Mainboard-listed China Merchants Property Development (CMPD) has proposed to delist from the Singapore Exchange (SGX) after its proposed merger with its controlling shareholder China Merchants Shekou Industrial Zone Holdings (CMS).
CMS, a property firm, will acquire CMPD via a share swap, said CMPD in a filing with the SGX yesterday.
Reuters reported that CMS aims to raise up to 15 billion yuan (S$3.3 billion) in a private share placement to fund the acquisition, paying 38.1 yuan for each A-share and HK$36.61 (S$6.57) for each B-share.
CMPD will offer Singapore investors with B-shares HK$26.54 cash for each share, a 50 per cent premium over its last-traded closing price on April 2.

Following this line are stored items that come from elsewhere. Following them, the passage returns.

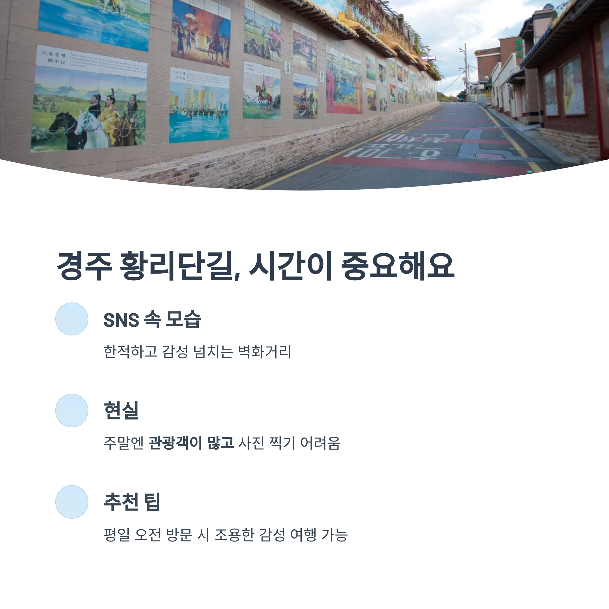 | 경주 황리단길 | 감성 벽화 골목 | 관광객 많음 / 평일 방문 추천 | 시간 선택 중요 |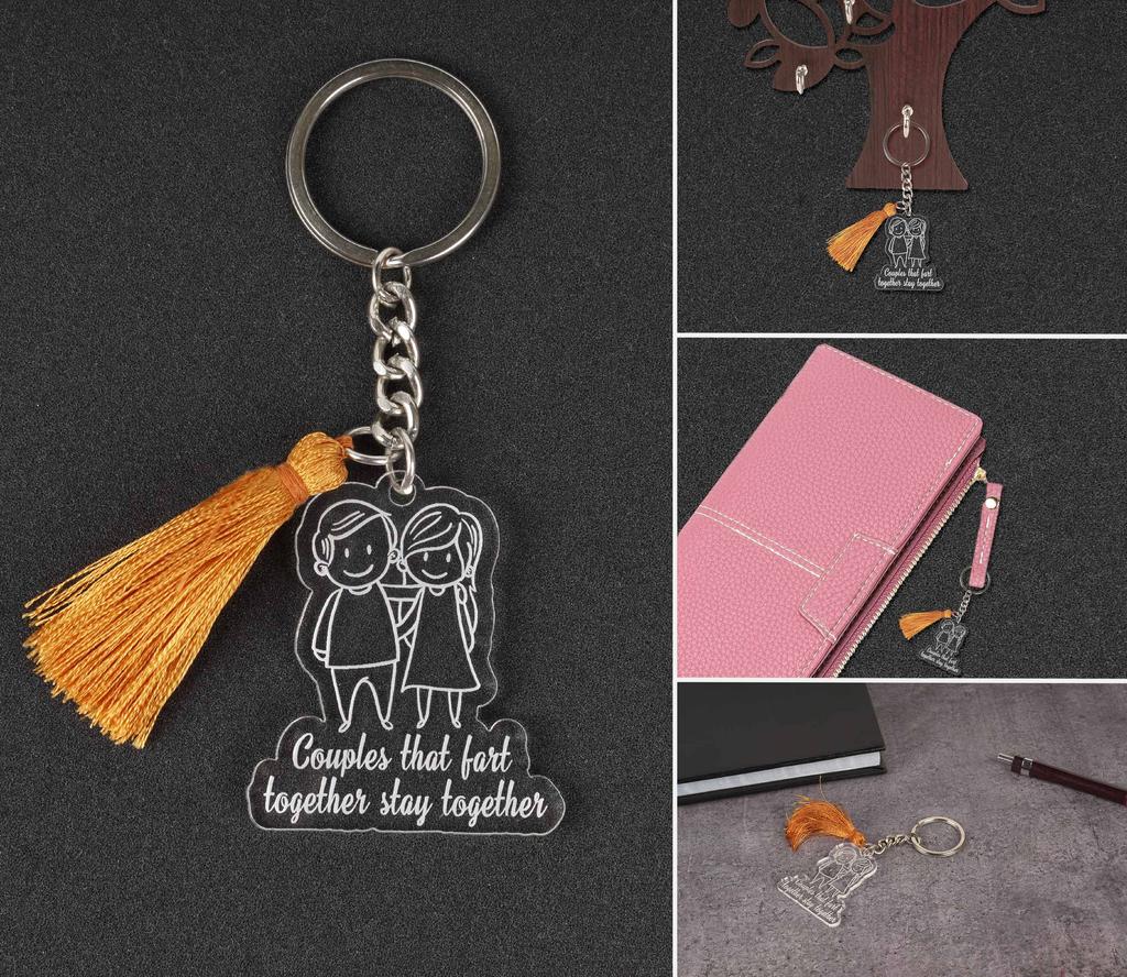 Inkdotpot Забавный брелок для ключей Пары, которые пукают вместе Оставайтесь вместе Акриловый гравированный брелок для ключей Забавные пары Брелок Новинка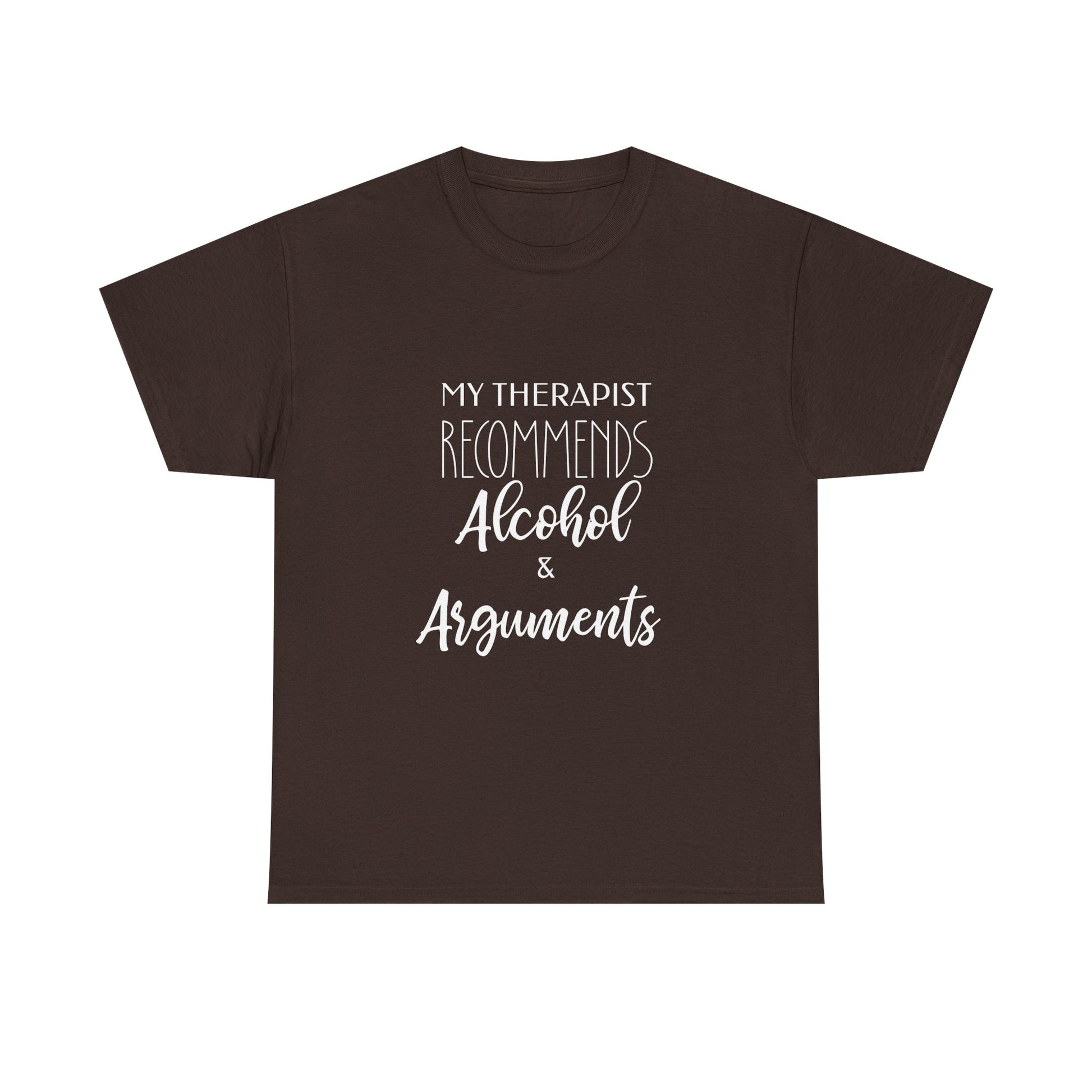 My Therapist Recommends Alcohol and Arguments Funny Therapy Tee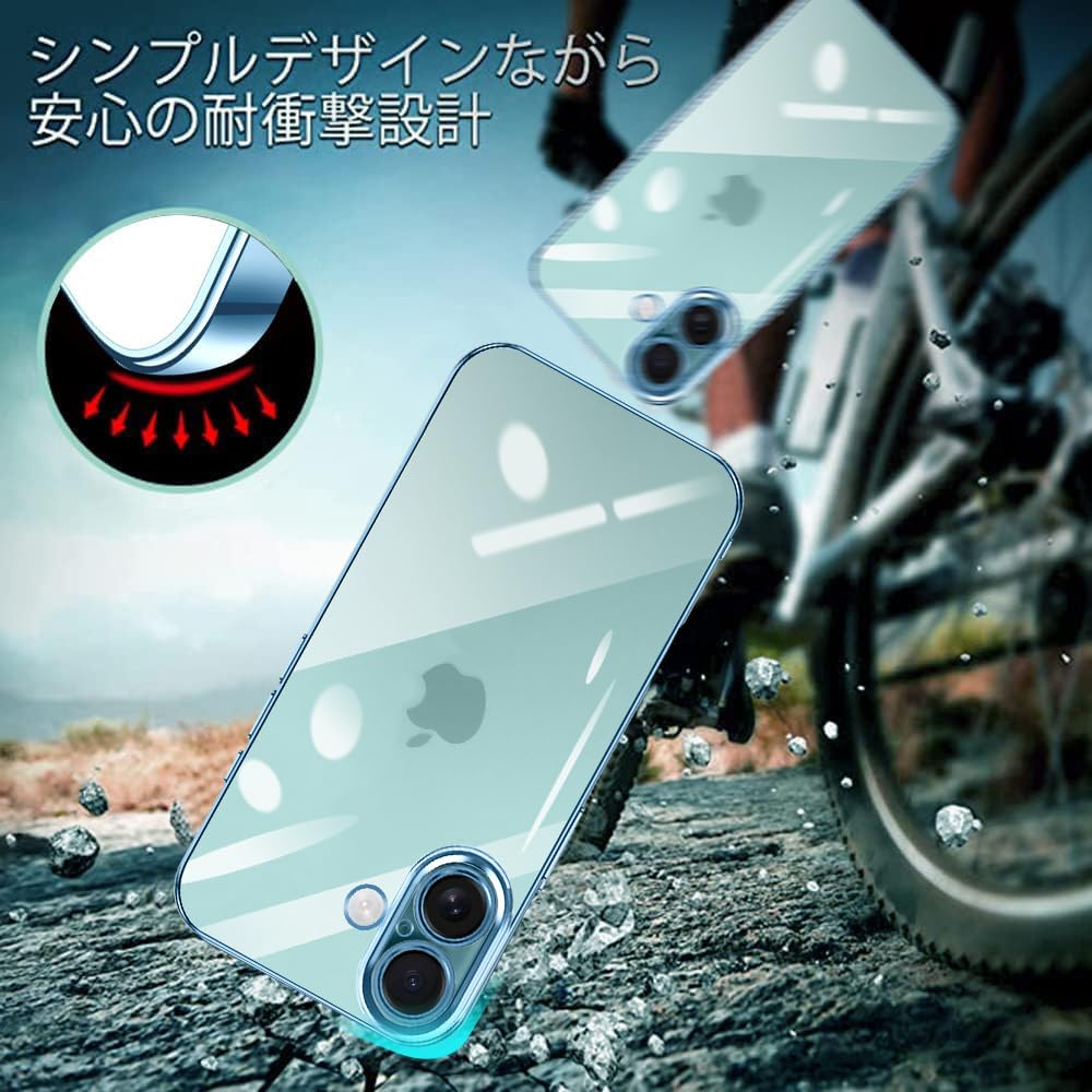 iPhone 16 用 ケース クリア 耐衝撃 iPhone16 用 カバー 軽量 薄型 TPU アイフォン16 用 スマホケース ワイヤレス充電対応 擦り傷防止 落下防止 ストラップホール付き メッキ加工- ブルー
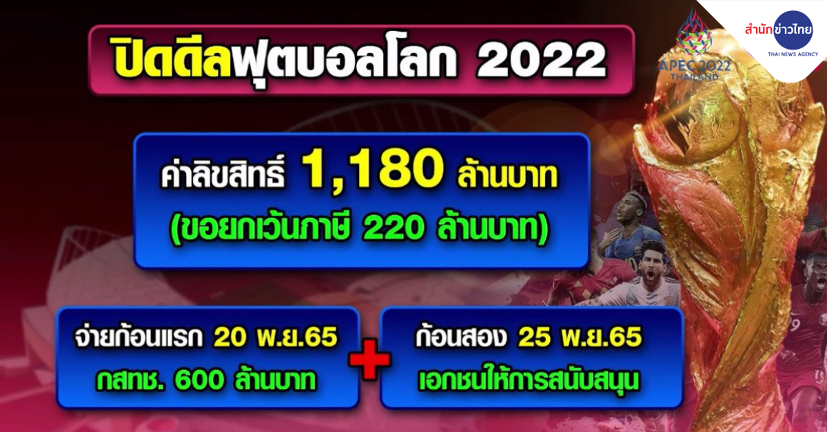 ความคืบหน้าการซื้อลิขสิทธิ์ถ่ายทอดสดฟุตบอลโลก 2022 รอบสุดท้าย ที่ประเทศกาตาร์ ระหว่างวันที่ 20 พฤศจิกายน – 18 ธันวาคม 2565 ภายหลังการกีฬาแห่งประเทศไทย บรรลุข้อตกลงปิดดีลในการซื้อลิขสิทธิ์ได้เป็นที่เรียบร้อยแล้ว ด้วยวงเงิน 33 ล้านดอลลาร์สหรัฐ หรือราว 1,200 ล้านบาท โดยยังไม่รวมค่าภาษีและค่าดำเนินการต่างๆ อีกประมาณ 200 ล้านบาท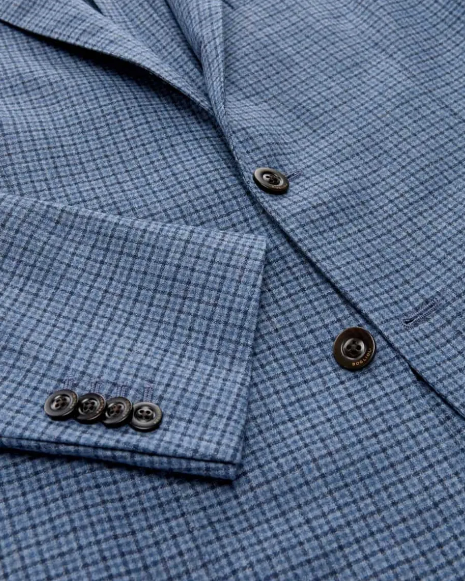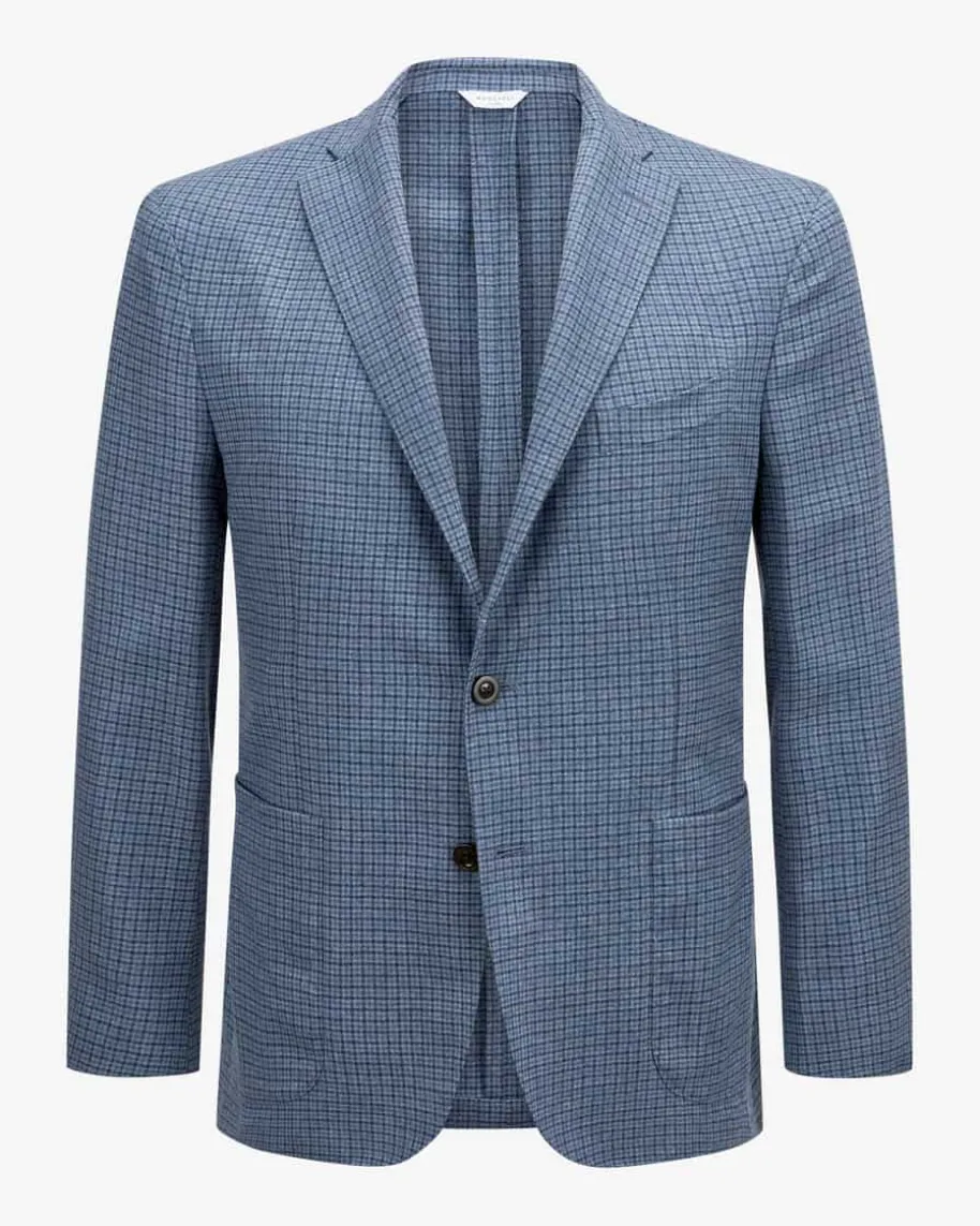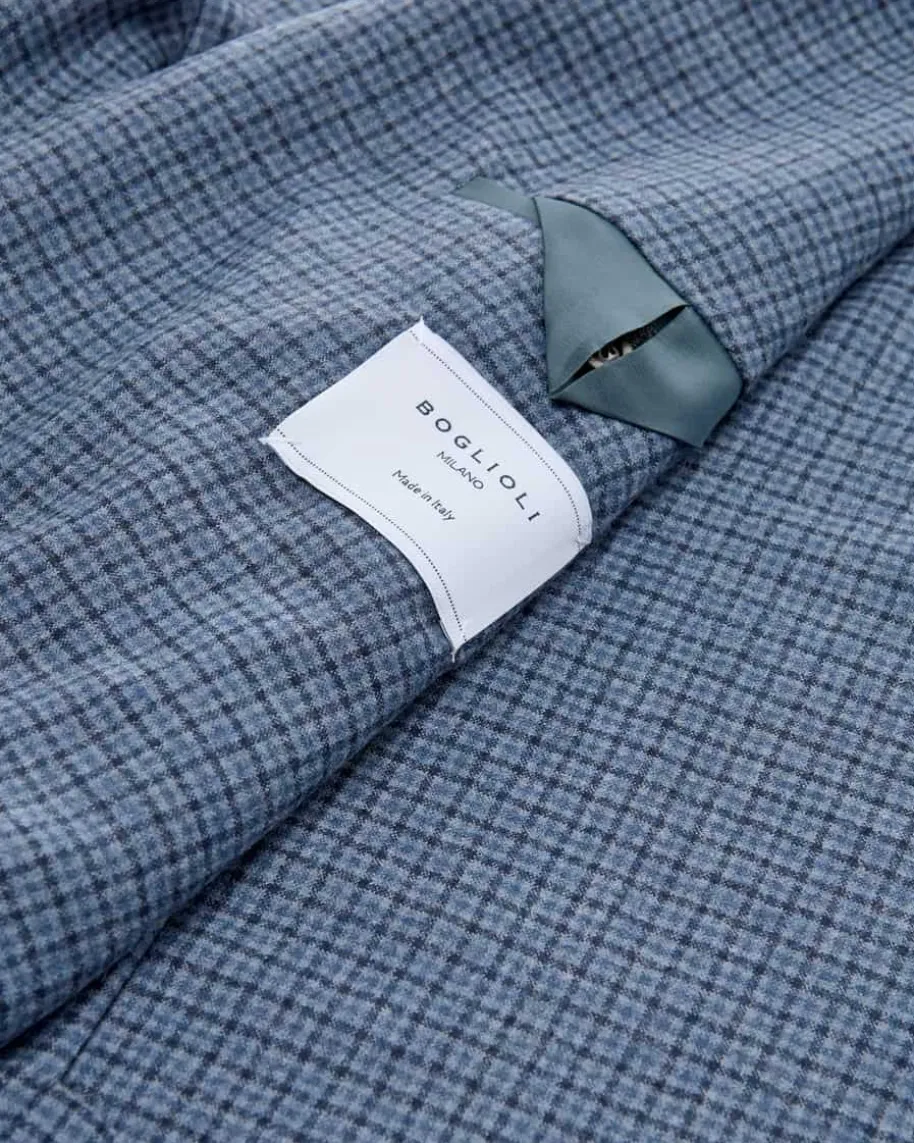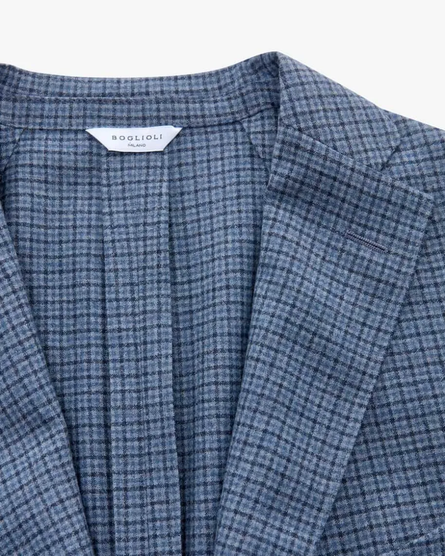 Sakko für Herren von Boglioli in Hellblau und Navy. Zeitlos und stilvollzugleich begeistert das ungefütterte Modell aus hochwertiger Woll-Verarbeitungmit softer Flanell-Haptik und Karomuster, während die legendäre K.Jacket-Reihefür eine optimale Passform mit leichtem Tragegefühl und legerem Charakter steht.

The company, which is primarily listed on the Shenzhen Stock Exchange, began trading as a secondary listing on the SGX mainboard in July 1995.
Trading of its shares on the Shenzhen Stock Exchange and SGX has been suspended since April 3.
The stock will stay suspended here until the completion of the delisting, while trading on the Shenzhen Stock Exchange is expected to resume next week. After the merger, CMS, which is wholly owned by state-owned enterprise China Merchants Group, will list on the Shenzhen Stock Exchange.
Chinese regulations prevent Singapore shareholders from opting to receive CMS A-shares instead of cash.
Investors who want these A-shares will have to first migrate their CMPD B-shares to the Shenzhen Stock Exchange.
But they will only be allowed to sell their CMS A-shares, and not acquire additional ones, CMPD said in a statement.
CMPD will hold an extraordinary general meeting on Oct 9 in Shenzhen to obtain approval for the proposed merger and delisting from the SGX, which approved the firm's request for delisting in July.
Shareholders who intend to migrate their holdings so as to trade on the Shenzhen Stock Exchange or elect for CMS A-shares have until Dec 3 to complete the transfer request process.
Other shareholders can expect payment for their stock in the middle of December.